Не отвечая, Лабонно бросила расколотый орех под персиковое дерево, на котором не было плодов, и тотчас по его стволу соскользнула белочка. Это была одна из многих подопечных Лабонно.
— Если ты не против, я придумаю тебе особое имя, — снова заговорил Омито.
— Придумай.
— Я буду звать тебя Бонно-Лесная.
— Бонно?!
— Нет, нет, это тебе совсем не подходит! Такое имя годится только для меня. Я буду звать тебя Бонне-Поток. Что ты скажешь?
— Что ж, зови, только не при тете.
— Конечно, нет. Это имя как мантра, только для посвященных, оно только для моих и твоих ушей.
— Пусть будет так.
— Мне тоже нужно иное имя. Как тебе покажется Брахмапутра? Внезапно в нее вливается Поток-Бонне и переполняет берега.
— Слишком тяжелое имя для каждого дня.
— Ты права. Придется нанимать кули, чтобы его носить. Тогда сама придумай мне имя. Пусть оно будет создано тобой.
— Хорошо, я тоже сделаю из твоего имени уменьшительное и буду звать тебя Мита-Друг.
—- Превосходно! В стихах это слово звучит: «товарищ». А почему бы тебе не называть меня так при всех? Что в этом за беда?
— Боюсь, то, что дорого для одного, покажется дешевым для других.
— Гм, ты, пожалуй, права. Бонне!
— Что, Мита?
— Если я напишу поэму, знаешь, какую рифму я поставлю к твоему имени? Несравненная.
— Что это значит?
— А то, что ты такая, какая есть, — и больше никакая.
— В этом нет ничего удивительного.
— Как ты можешь так говорить! Наоборот, это очень удивительно. Волею судеб я встречаю человека и до того поражен, что не могу удержаться от крика: «Она похожа только на себя и ни на кого больше!» Знаешь, что я скажу в своей поэме?
— Надеюсь, ты не собираешься писать стихи?
— А почему бы нет? Кто может мне помешать?
— Откуда такая отчаянная решимость?
— Сейчас объясню. Сегодня ночью я не мог уснуть до половины третьего, но вместо того, чтобы переворачиваться с боку на бок, я перелистывал страницы оксфордской книги. И я не нашел там стихов о любви, хотя раньше они попадались мне на каждом шагу, Тогда я понял, что мир ждет таких стихов от меня.
Он взял руку Лабонно в свои и продолжал:
— Мои руки заняты, как же я возьму карандаш? Лучшая рифма — прикосновение рук. Твои пальцы, — как они шепчутся с моими! Ни один поэт не может писать выразительнее и проще.

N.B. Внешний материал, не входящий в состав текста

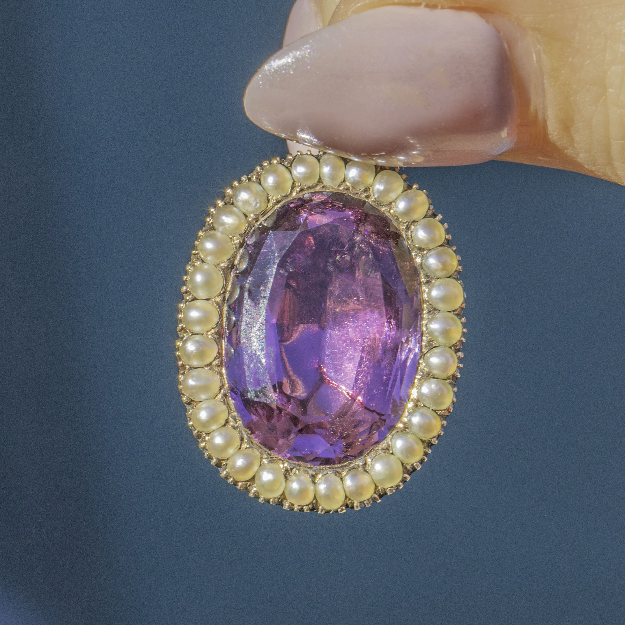 This is a magnificent Georgian 9ct Amethyst Pearl cluster pendant! Rich and regal, this antique pendant is perfect for adding a touch of luxury and vibrant pop of colour to your jewellery collection.

— Ох, Мита, ты так разборчив, так требователен, что я просто боюсь!
— Но подумай о том, что я говорю. Рама хотел испытать чистоту Ситы огнем[37], обыкновенным материальным огнем костра, и потерял ее. Чистота поэзии тоже испытывается огнем, но огнем души. Чем же будет испытывать стих тот, у кого в сердце нет огня? Ему придется довериться чужим словам, а они зачастую лживы. Сейчас в моем сердце горит огонь. При свете этого огня я перечитываю все, что читал раньше. Как же мало из этого остается. Почти все сгорает и превращается в пепел. Сегодня этой шумной толпе поэтов мне пришлось сказать: «Умолкните, не кричите! Тихо произнесите единственно правильные слова:
Они долго сидели молча, потом Омито поднял руку Лабонно, тихонько провел ею по своему лицу.
— Подумай, Бонне, — заговорил он, — как много людей в это утро, в это самое мгновенье жаждут счастья и как немногие из них его получают. Я один из немногих. И на всей земле только ты одна видишь этого счастливца в горах Шиллонга под этим эвкалиптом. Самые удивительные вещи на земле застенчивы, они избегают попадаться людям на глаза. А вот когда какой-нибудь политикан где-нибудь, между Голдигхи[38] в Калькутте и Ноакхали в Читтагонге, с криком грозит кулаком в пространство и стреляет холостыми патронами, сообщения об этом разносятся по всей Бенгалии и считаются самыми интересными... Но кто знает, может быть, это и к лучшему!
— Что к лучшему?
— То, что прекрасное незримо бродит по дорогам жизни, а не увядает от докучного внимания толпы. Этой мудростью живет все мироздание. Но что с тобой? Я все болтаю, а ты молчишь и о чем-то думаешь. О чем?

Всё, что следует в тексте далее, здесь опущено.